Source records »
........
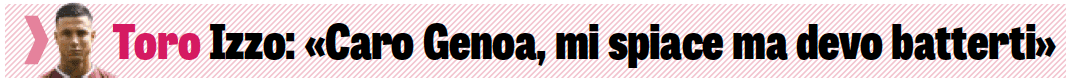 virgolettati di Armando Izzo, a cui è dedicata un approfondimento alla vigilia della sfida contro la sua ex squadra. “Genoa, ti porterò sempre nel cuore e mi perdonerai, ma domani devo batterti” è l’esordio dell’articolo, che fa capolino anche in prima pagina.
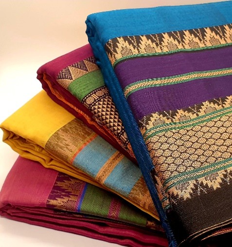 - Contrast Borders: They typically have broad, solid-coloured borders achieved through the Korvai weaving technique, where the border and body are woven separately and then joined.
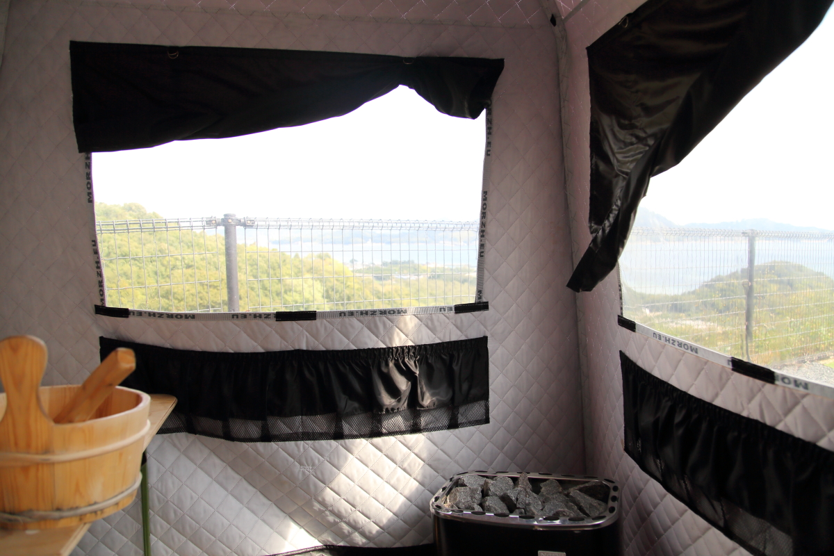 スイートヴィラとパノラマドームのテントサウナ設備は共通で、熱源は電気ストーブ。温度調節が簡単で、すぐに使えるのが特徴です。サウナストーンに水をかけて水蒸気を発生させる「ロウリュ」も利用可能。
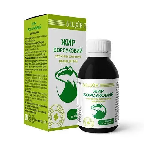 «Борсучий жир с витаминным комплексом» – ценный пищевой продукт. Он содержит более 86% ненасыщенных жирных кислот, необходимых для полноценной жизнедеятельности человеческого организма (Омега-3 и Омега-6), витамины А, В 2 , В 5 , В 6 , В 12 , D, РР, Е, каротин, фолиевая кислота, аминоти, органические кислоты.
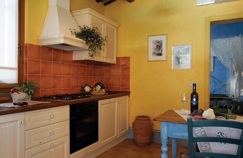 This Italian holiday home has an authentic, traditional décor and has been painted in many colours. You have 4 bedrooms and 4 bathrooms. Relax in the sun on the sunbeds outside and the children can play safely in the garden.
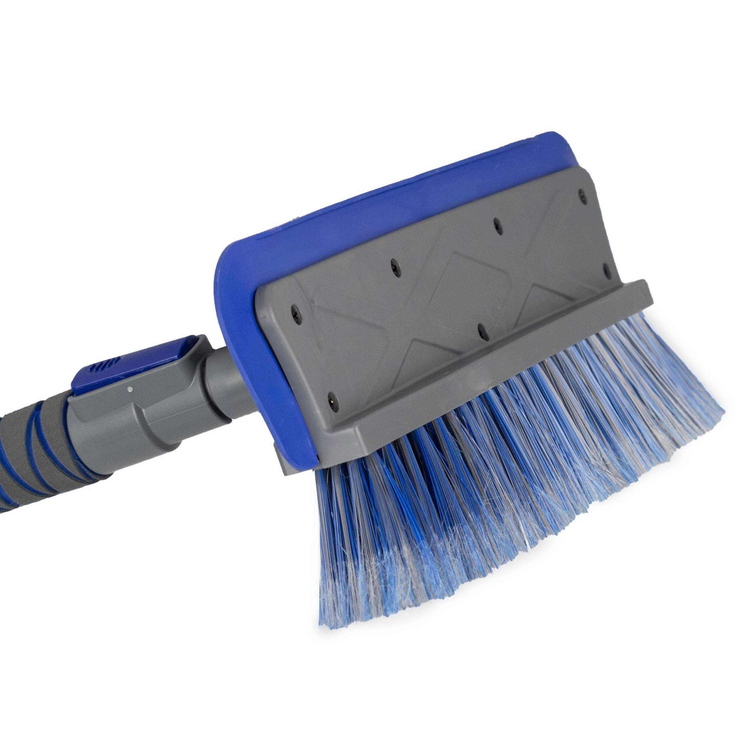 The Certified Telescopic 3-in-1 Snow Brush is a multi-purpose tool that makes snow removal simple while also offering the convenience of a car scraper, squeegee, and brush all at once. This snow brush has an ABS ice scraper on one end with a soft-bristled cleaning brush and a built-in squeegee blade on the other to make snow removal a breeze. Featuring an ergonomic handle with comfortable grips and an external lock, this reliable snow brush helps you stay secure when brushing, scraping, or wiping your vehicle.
........
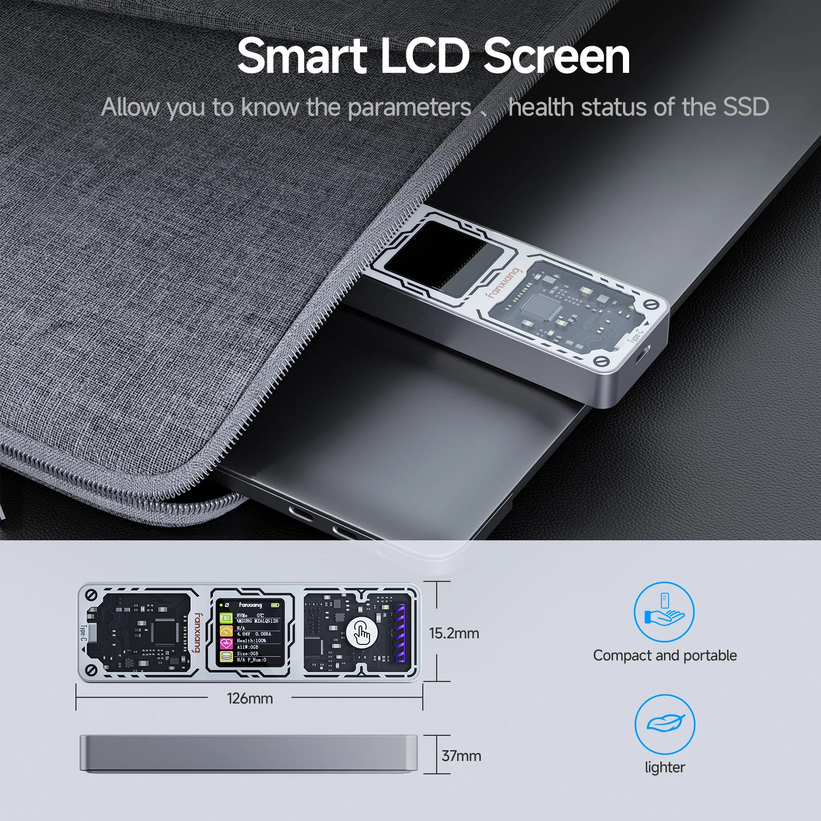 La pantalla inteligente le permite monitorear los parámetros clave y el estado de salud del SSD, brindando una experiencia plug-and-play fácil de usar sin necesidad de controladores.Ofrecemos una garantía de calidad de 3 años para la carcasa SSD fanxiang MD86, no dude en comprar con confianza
........
Work request » Go to the line above that contains "スイートヴィラとパノラマドー" and reproduce everything exactly from there through the line that contains "The Certified Telescopic", leaving out the pictures.

Output of the task »
 スイートヴィラとパノラマドームのテントサウナ設備は共通で、熱源は電気ストーブ。温度調節が簡単で、すぐに使えるのが特徴です。サウナストーンに水をかけて水蒸気を発生させる「ロウリュ」も利用可能。
 «Борсучий жир с витаминным комплексом» – ценный пищевой продукт. Он содержит более 86% ненасыщенных жирных кислот, необходимых для полноценной жизнедеятельности человеческого организма (Омега-3 и Омега-6), витамины А, В 2 , В 5 , В 6 , В 12 , D, РР, Е, каротин, фолиевая кислота, аминоти, органические кислоты.
 This Italian holiday home has an authentic, traditional décor and has been painted in many colours. You have 4 bedrooms and 4 bathrooms. Relax in the sun on the sunbeds outside and the children can play safely in the garden.
 The Certified Telescopic 3-in-1 Snow Brush is a multi-purpose tool that makes snow removal simple while also offering the convenience of a car scraper, squeegee, and brush all at once. This snow brush has an ABS ice scraper on one end with a soft-bristled cleaning brush and a built-in squeegee blade on the other to make snow removal a breeze. Featuring an ergonomic handle with comfortable grips and an external lock, this reliable snow brush helps you stay secure when brushing, scraping, or wiping your vehicle.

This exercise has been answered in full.